Understanding RAG: The Smart Foundation of Advanced AI

Kamraan MulaniKamraan Mulani
6 min read

📚 What is RAG (Retrieval-Augmented Generation) ?

“ Take the relevant data and feed it to the prompt “ — Piyush sir
RAG is an AI technique that combines the power of information retrieval with large language models (LLMs) to enhance the accuracy and context awareness of AI generated responses.
It works by file searching for relevant information from external data sources ( like databases , documents or the web) and then it uses that information to guide LLM in generating a more accurate and informative response.

🧠 What is Context Window?

At a given time how many tokens we can process it is called as context window.

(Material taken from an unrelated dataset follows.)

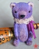 Small violet teddy bear in vintage lace collar 6" tall
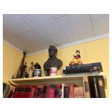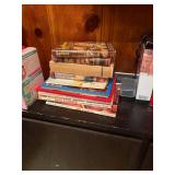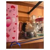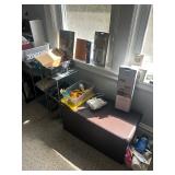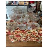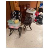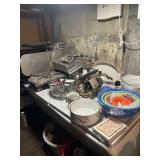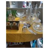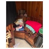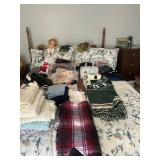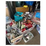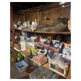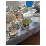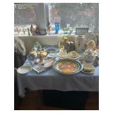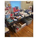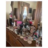 Costume jewelry, lots of Christmas, button collection, patches, music boxes, trains, lots of collectible bric-a-brac, figurines, vintage vanity set, ruby glass, green glass, loads of clothing, shoes, bags, scarves, sunglasses, Bose, cameras & other vintage electronics, toys, games, dolls, records, books, Morris Katz & other art, bedding, flatware, a lot of boxed kitchen items & gift items, crystal, beautiful dining room table & chairs, china closet & server, sofa & loveseat, tables, lamps, bedroom furniture, rocking chair, microfiber sofa, TV stands, desks, storage ottomans, outdoor table & chairs & tons more |

The above is example figure if the user ask a question (request) the LLM will give response and when user ask next question then LLM will give answer based on the previous conversation .

⚙️ A Simple RAG application

A chatbot that scans a PDF and provides responses based on the content of that PDF.

This is the workflow :

For a PDF chatbot :

First, we have a Data Source, such as a PDF. We break down the data source page by page, a process called Chunking. After chunking, we create embeddings for each chunk and store them in a Vector Store. This entire process is called indexing, or the injection process.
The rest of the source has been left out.